Becoming a ‘sovereign citizen’ was for a woman who… Pointer anonymously tells her story, the way out of her debts. At least, that’s what she thought. Her debts have now almost doubled.
No more paying taxes, canceling health insurance and ignoring fines that pop up on the mat. ‘Autonomists’ no longer want to be part of society in any way and believe that Dutch laws and regulations do not apply to them.
Withdrawal from society
Subway previously wrote about a bailiff who increasingly encounters such citizens. But who are these people who withdraw from society?
Pointer spoke several autonomists or ‘sovereigns’. One of them, Jeanette Lohuis, started a residential community in Spain and runs a webshop where people can order materials that would make autonomous life possible. Such as fake embassy signs and fake diplomatic passports.
Don’t pay taxes
Lohuis does not pay road tax or income tax, she explains. She explains in a letter to the tax authorities why she believes she does not have to pay tax. She also explains to people how you can choose what you do and do not pay.
Experts agree: actively spreading this message is deception. “She really leads people astray,” says Jelle van Buuren, senior lecturer in Security Studies at Leiden University. “You are defrauding people who provide you with incorrect information. They often have to pay for it too. There is often a revenue model behind that management,” says professor of general legal science Jan Brouwer.
Get out of debt by becoming sovereign
One of the people who was misled is a woman from the north of the Netherlands. She started with a debt of 30,000 euros, which weighed heavily on her. “Bailiffs at the door, collection agencies, we have already been cut off from gas, water and electricity.”
At a meeting she hears how you could stop this by becoming sovereign. “You didn’t pay anything anymore. No taxes, rent, mortgage or gas, water and electricity.” It no longer makes sense to her now, but it did at the time, she explains. “I wanted to believe it.”

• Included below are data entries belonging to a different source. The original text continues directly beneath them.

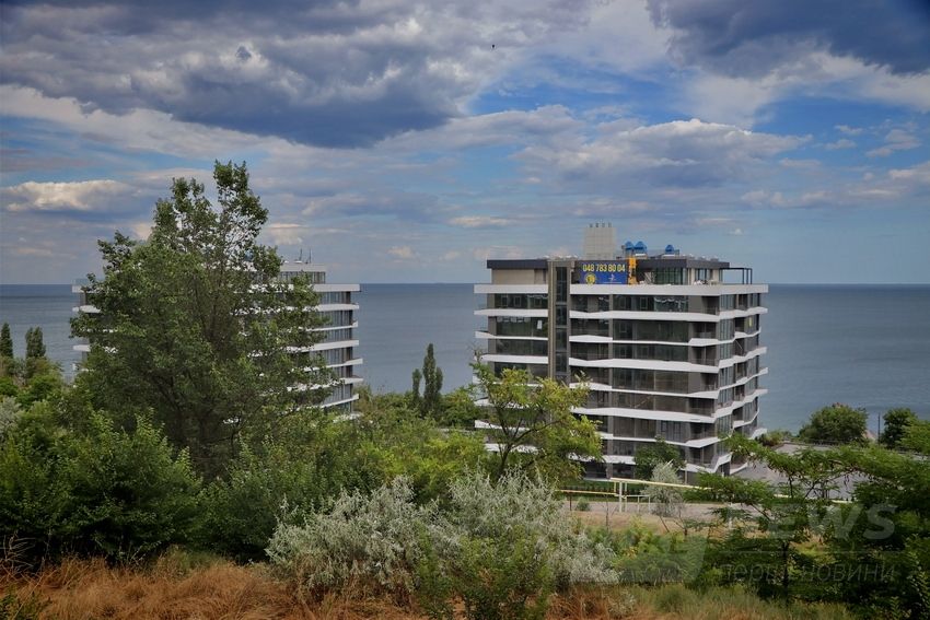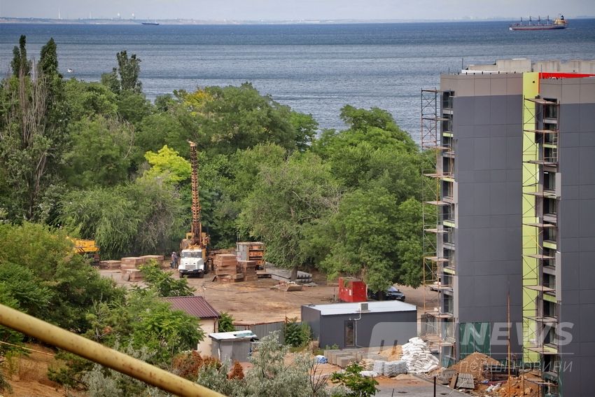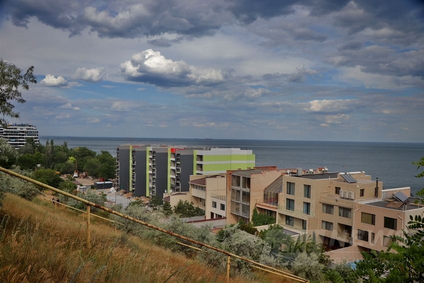 И сaмый "цимес" - это высотки нa верхней кромке прибрежного склонa. Речь идет о почти готовом восьмиэтaжном отеле и нaчaтом строительством шестиэтaжном жилом комплексе. Строят их здесь не просто тaк, ведь именно здесь, нa 12-14-й стaнциях произошел последний крупный оползень в черте городa, после которого дaже пришлось перенести подaльше от берегa линию трaмвaя.
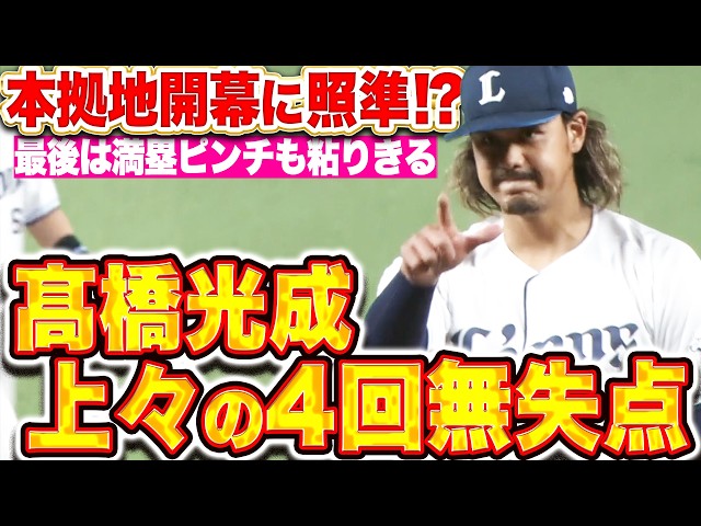 【本拠地開幕に照準!?】髙橋光成『最後は満塁ピンチも粘りの投球!4回2安打無失点と文句なしの仕上がりアピール!!』 / (パーソル パ・リーグTV公式)PacificLeagueTV
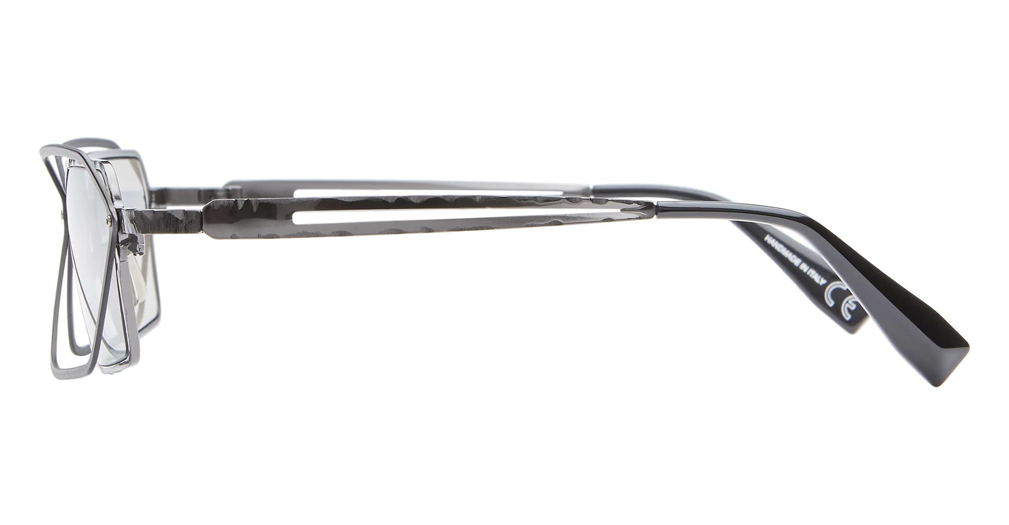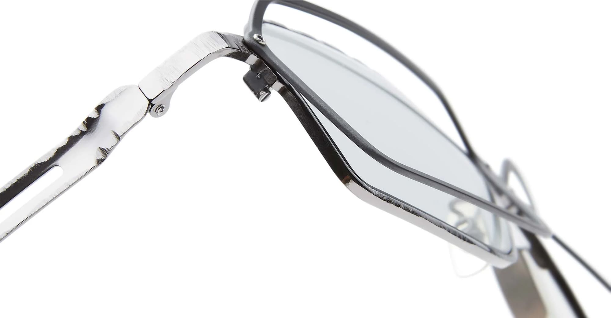 Kuboraum MASK H15 - GUNMETAL (KRSH15RH0000004G ) are elegant round sunglasses with a hammered texture effect, part of the exclusive Kuboraum eyewear collection. They feature silver metal frame with double lens rims, iconic Kuboraum metal temples with acetate tips, and light grey lens with 100% UV protection.
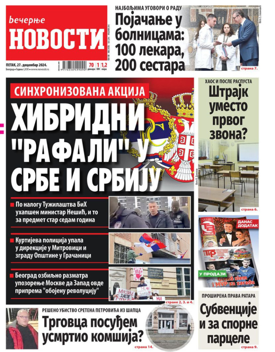 Dnevne novine u Srbiji za petak 27. decembar 2024. godine na naslovnim stranama najavljuju brojne aktuelne društveno-političke teme.
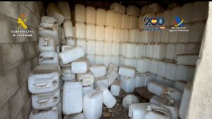 Del mismo modo, y tras recuperar la furgoneta de alquiler se intervinieron 198 petacas de 25 litros de gasolina cada una, siendo un total de 4.950 litros de gasolina.
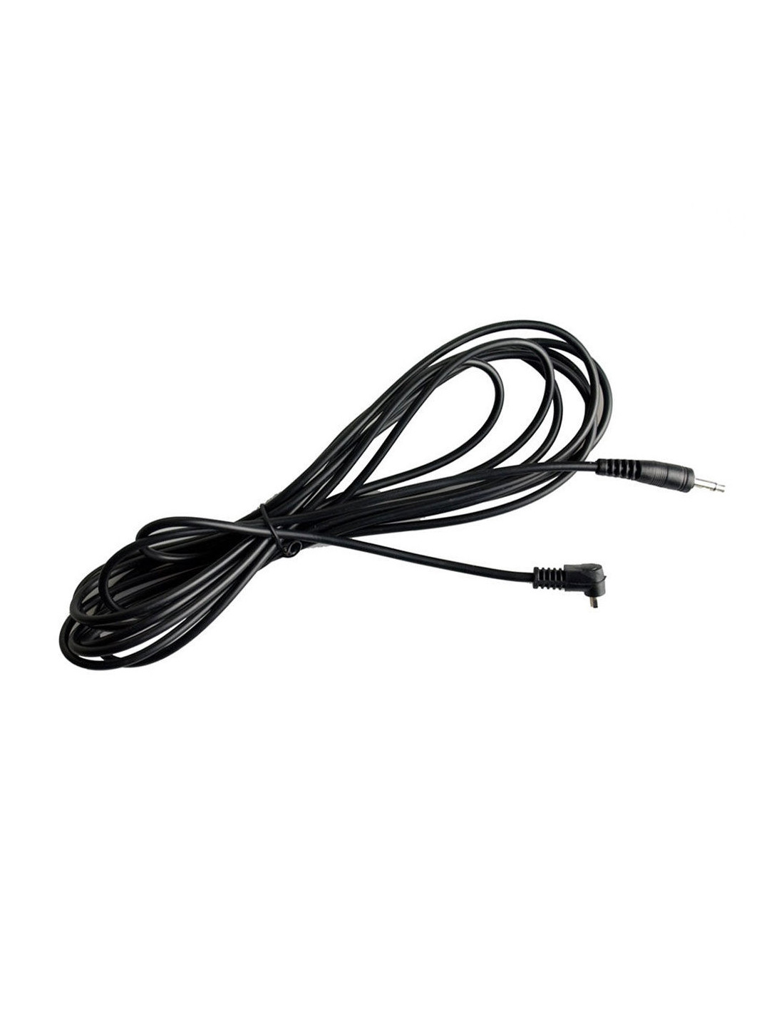 The cable is 3 metres long and has a 3.5mm jack plug at one end and a male PC sync connector at the other.
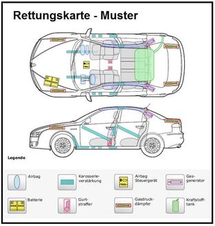 Die meisten Fahrzeughersteller bieten zwischenzeitlich Rettungskarten für ihre Modelle an. Dieses Blatt Papier, das in Farbe ausgedruckt sein sollte, liefert den Rettungskräften wichtige Informationen über das Fahrzeug. Die Rettungskarte wird im Fahrzeug an der Sonnenblende des Fahrersitzes hinterlegt. Damit die Rettungskräfte wissen, dass in ihrem Fahrzeug eine Rettungskarte liegt, muss eine Plakette im oberen Windschutzbereich der Fahrerseite von innen gut leserlich verklebt sein. Dadurch kann die Rettung - Ihre Rettung - beschleunigt und Sie vor weiteren Verletzungen geschützt werden. Es können auch Verletzungen der Rettungskräfte, welche wiederum Ihre Rettung verzögern würden, vermieden werden.
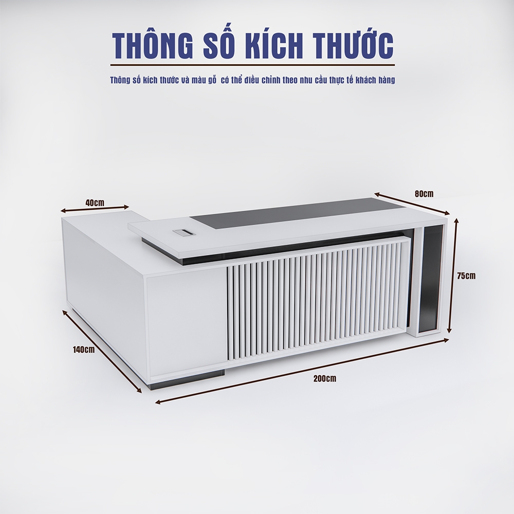 Chúng tôi cung cấp dịch vụ thiết kế và gia công theo kích thước và màu sắc riêng biệt, phù hợp với không gian làm việc, phong thủy và cá tính của từng lãnh đạo. Dù là gam màu trầm ấm hay tông hiện đại phá cách, bạn đều có thể lựa chọn dễ dàng.
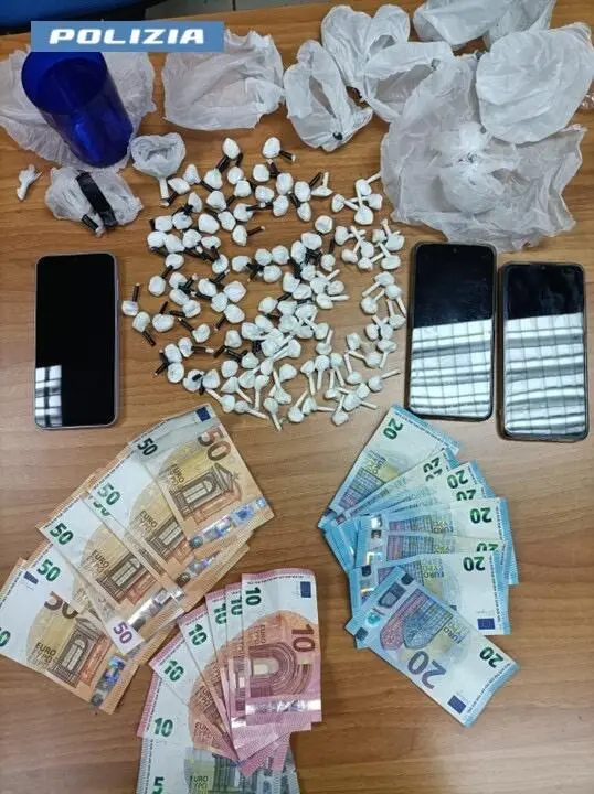 I poliziotti sono intervenuti immediatamente recuperando la busta contenente oltre cento dosi di cocaina per circa 90 grammi. Successivamente, durante la perquisizione, sono stati trovati quasi 800 euro in contanti, banconote di piccolo taglio, e due cellulari presumibilmente utilizzati per lo spaccio. Dall'analisi dei telefoni è emerso che i due usavano frasi in codice come "una birra grande" o "una birra piccola" per indicare la quantità di cocaina richiesta dai loro "clienti". Trasferiti gli atti all'autorità giudiziaria competente, i due giovani sono stati arrestati e posti ai domiciliari.
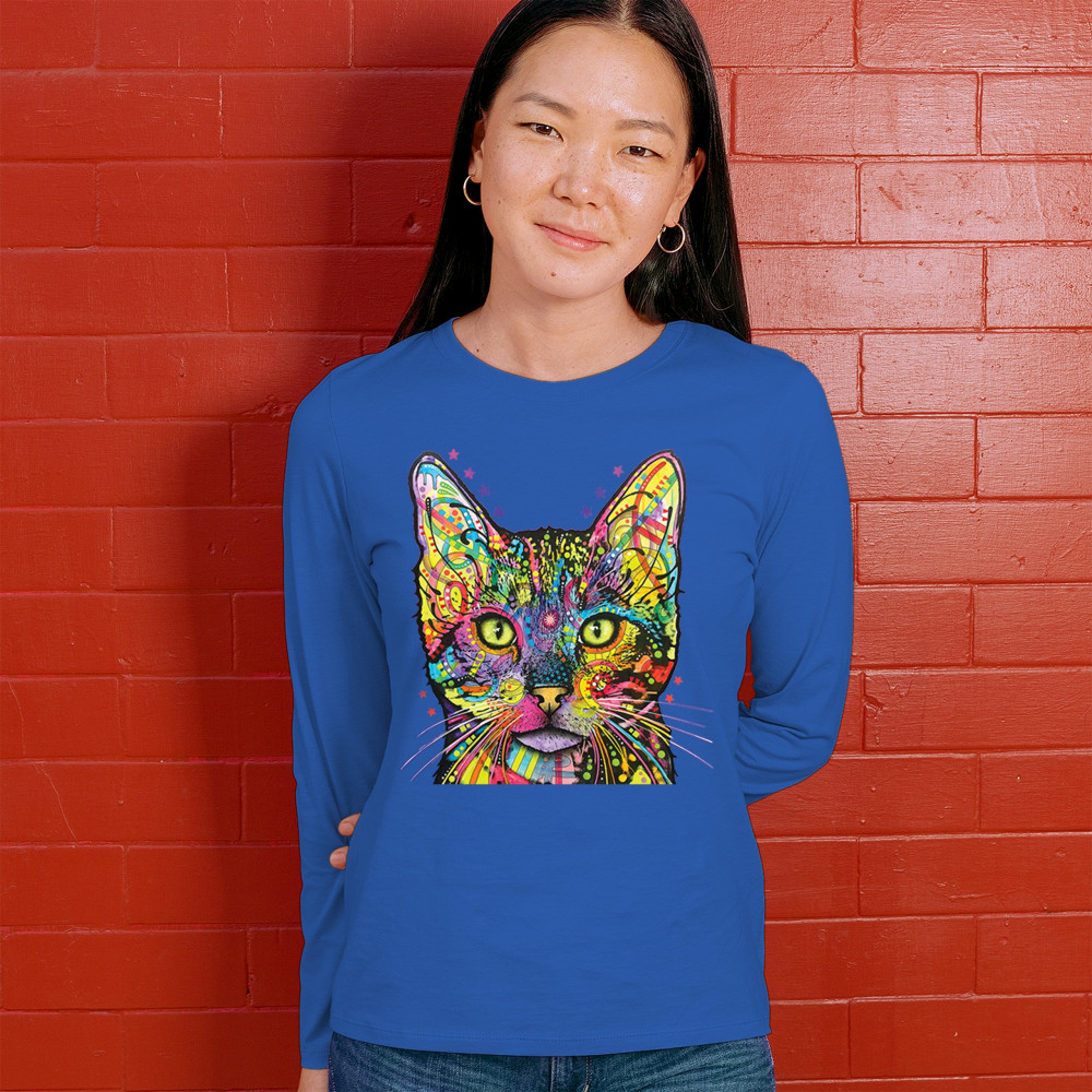 DEAN RUSSO SHIVA CAT STARE women's long sleeve t-shirt neon colorful kitten royal blue
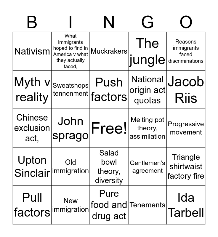 This bingo card has a free space and 24 words: Old immigration, New immigration, Push factors, Pull factors, Reasons immigrants faced discriminations, Nativism, Myth v reality, What immigrants hoped to find in America v what they actually faced,, Melting pot theory, assimilation, Salad bowl theory, diversity, National origin act quotas, Chinese exclusion act,, Gentlemen’s agreement, Triangle shirtwaist factory fire, Sweatshops tennenment, Tenements, Progressive movement, Muckrakers, Jacob Riis, John sprago, Ida Tarbell, Upton Sinclair, The jungle and Pure food and drug act.
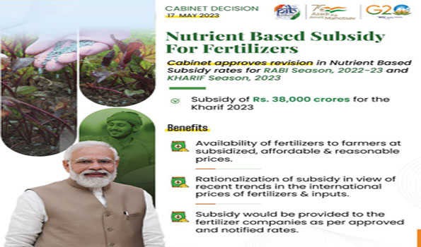 इसके साथ सरकार ने 2022-23 के रबी सत्र के तीन महीनों (जनवरी-मार्च 2023) के लिए फॉस्फेट एवं पोटास (पी एंड के) नाइट्रोजन तथा सल्फर वाले रासायनिक उर्वरकों पर सब्सिडी (एनबीएस) की दरों में संशोधन के प्रस्तावों को आज मंजूरी दी।
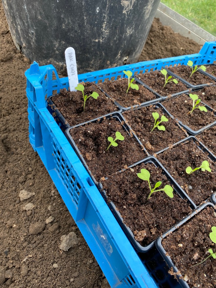 Last but not least are some of our smaller seedlings. First up is the pak choi which we pricked out the other week and have been keeping in our porch whilst we finished the greenhouse off. However, we’ve now moved the seedlings out into the greenhouse to grow on.

The misery caused by the message of an ‘autonomous life’ is great, says Van Buuren. “Families with children end up on the street because they really think that the government has no right to tax them or that they do not have to pay rent. And if you screw some kind of sign on the facade saying ‘I am an embassy’, then the idea is that the government is not even allowed to come in.”
“We are now starting to see examples of the government actually coming in, causing people to go bankrupt, become bankrupt, and be evicted from their homes. That is the social drama you see.”
Drama after wanting to become sovereign
A tragedy, according to the woman who hoped that by becoming ‘sovereign’ she would get out of debt. “I now think I have between 50,000 and 55,000 euros in debt. It has gotten much worse.”
Afterwards she deeply regrets her choice. “How stupid I was to get sucked into that. It is a black page in my life. I should never have done it.”
That’s why she’s speaking out, she says. “I hope to save people from the same mistake I made,” she says. “Don’t fall for it. Just don’t do it.”
You can watch the episode of Pointer here: The autonomous dream.